Annuities behave differently from other investments in some respects. They're essentially a mutant form of life insurance, designed to provide an income for as long as you live instead of a lump sum when you die. You can buy one with a single payment or pay into it for years as you would with an IRA or 401(k). They typically cost more than other investments and have lower returns. Fixed annuities provide a straightforward, contractually guaranteed income. Variable annuities trade that certainty for higher returns, investing in mutual funds or other mainstream products that can go up or down in value.

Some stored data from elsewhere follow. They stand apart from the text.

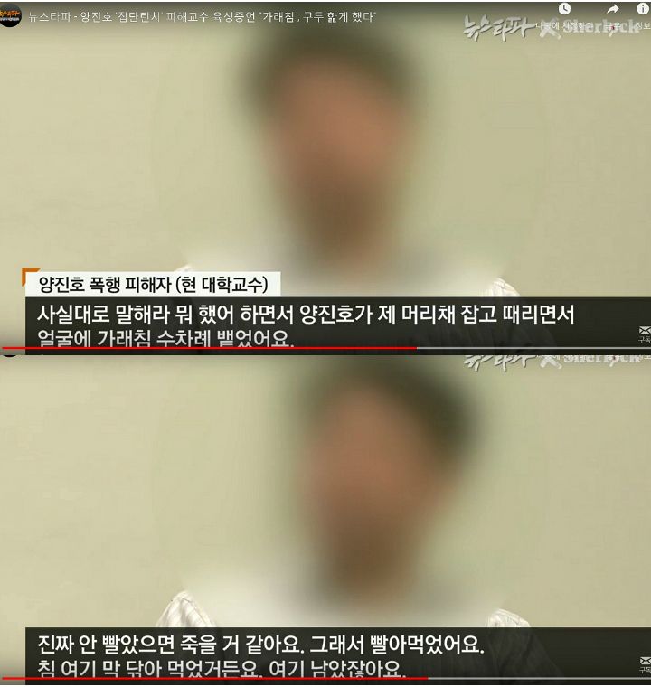 폭행 과정에서 양 회장은 해당 교수의 얼굴에 가래침을 뱉고, 구두를 핥게하는 것도 모자라 매 값으로 200만원을 강제로 쥐어주며 병원에 다녀오라는 등 인격모독성 발언까지 한 것으로 드러났다.
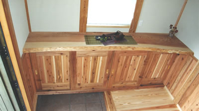 無垢材を使用した下駄箱は防臭・除湿効果で靴の保管にも最適です。
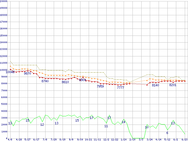 ※このグラフは過去のデータも税率5%相当に調整した税込み相当額のグラフです。 税率変更や、総額表示方式導入(2004年4月)の影響は除いています。 | | | ●凡例 | 最安値 (点線部は販売店未確認 または未調査) | 平均値 | 最高値 | ショップ数 |

Your 401(k) is a workplace savings plan, available in conventional and Roth versions. The conventional version allows you to deduct each year's contributions from your taxable income, while the Roth version uses after-tax dollars. However, your retirement income from a conventional plan is taxable, while the Roth plan's payouts are not. Employers often match your contribution to a 401(k), providing an increased return on your investment. Unlike an annuity, your 401(k) isn't an investment in itself. Instead, it's a sort of tax-exempt wrapper you can use to hold most investment products, including stocks, bonds, mutual funds and exchange-traded funds.
Pros and Cons
Your tax-advantaged investment comes at a cost since both annuities and 401(k) accounts typically have higher management costs than investing directly in stocks or funds. Annuities often have lower returns, as well as high costs. However, there's a limit to how much you can contribute to a 401(k), while annuities offer unlimited contributions. Control is another important consideration: Your employer calls the shots with your 401(k), while you make the decisions with an annuity. You must start drawing a specified minimum from a 401(k) at age 70 1/2, while a Roth 401(k) or annuity has no such restrictions.
The Right Choice
If you anticipate that your tax bracket is higher now than it will be in retirement, it makes sense to contribute to a conventional 401(k). You'll get a tax break now and pay at a lower rate when you withdraw. If the reverse is true, a Roth 401(k) might be a better choice. If your employer matches your contributions, that's a strong argument for a 401(k) over an annuity. However, if you contribute your maximum to the 401(k) and would like additional sheltered growth, an annuity might be a good choice. Funds in an annuity can also be paid directly to your named beneficiary after your death, bypassing probate.